Personal information
- Born: 4 June 1990 (age 35) Uppsala, Sweden

Team information
- Discipline: Freestyle Mountain Bikes
- Role: Mountain bike legend
- Rider type: Slopestyle, Freeride

= Martin Söderström =

Swedish mountain biker

Martin Söderström (4 March 1990) is a professional Freeride mountain bike rider from Uppsala, Sweden.

He announced retirement from professional riding in August 2022.

In 2007 he won the Åre Slopestyle competition. In 2012 and 2013 he placed 2nd overall in the FMB World Tour. In 2013 he competed in Munich X-Games Slopestyle event finishing 6th overall out of 16 riders. In 2013 he took 2nd at Red Bull Joyride, but was seriously injured on his final ride; he was injured again shortly before the 2014 event.

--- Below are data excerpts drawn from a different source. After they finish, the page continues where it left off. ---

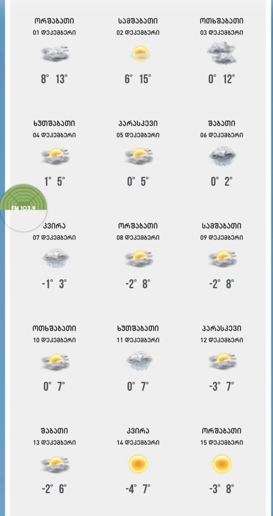 13–15 დეკემბერი – ცივი, მაგრამ მზიანი პერიოდი:
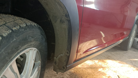 Давно задумывался над необходимостью установки передних брызговиков, но ни как не приходила картинка, как это сделать. Сегодня наткнулся на брызговик под верстаком, который когда то ездил на японском…
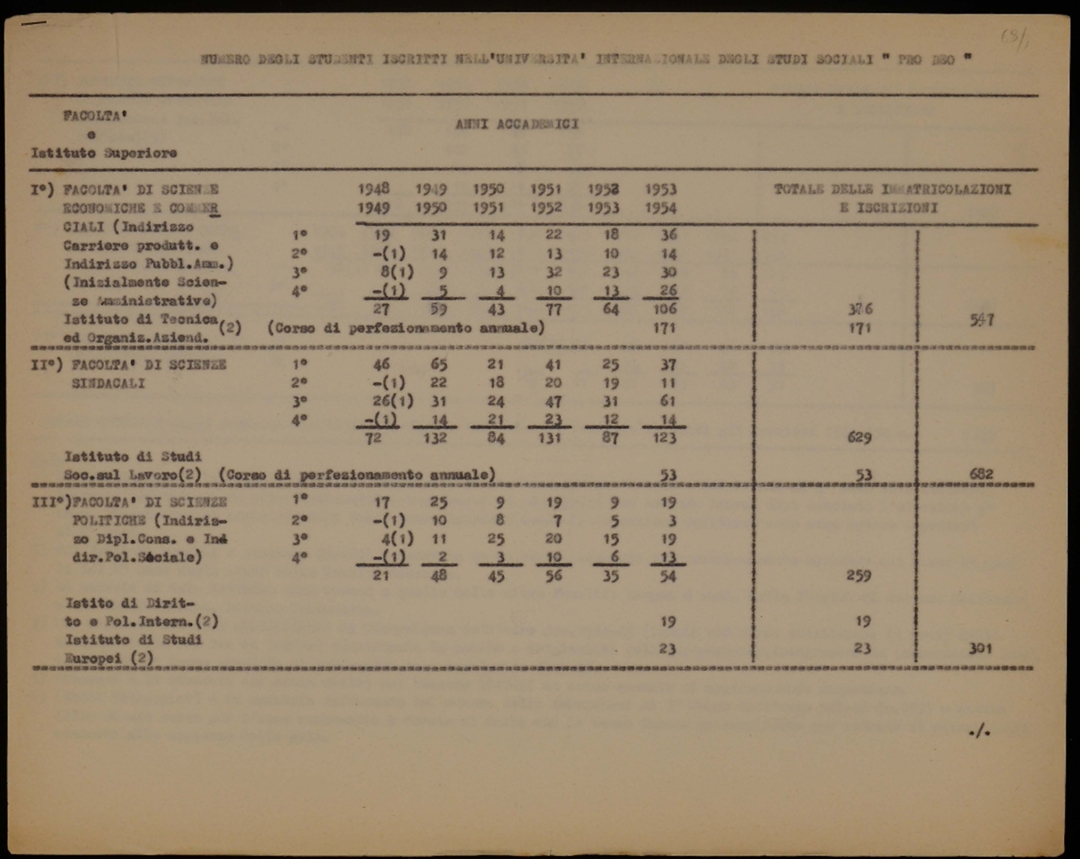 "Numero degli studenti iscritti all''Università internazionale degli studi sociali Pro Deo

In 2013 and 2014 he hosted an invitational meet in his hometown of Uppsala where fellow swede and good friend Anton Thelander won.

Between 2012 and 2014, he won some medals at the FISE (2 second place).

He has nowadays been getting closer to the Mountain Bike Racing scene in a new discipline called "Speed and Style". He has won some medals. He won a first, a second and a third place between 2018 and 2019.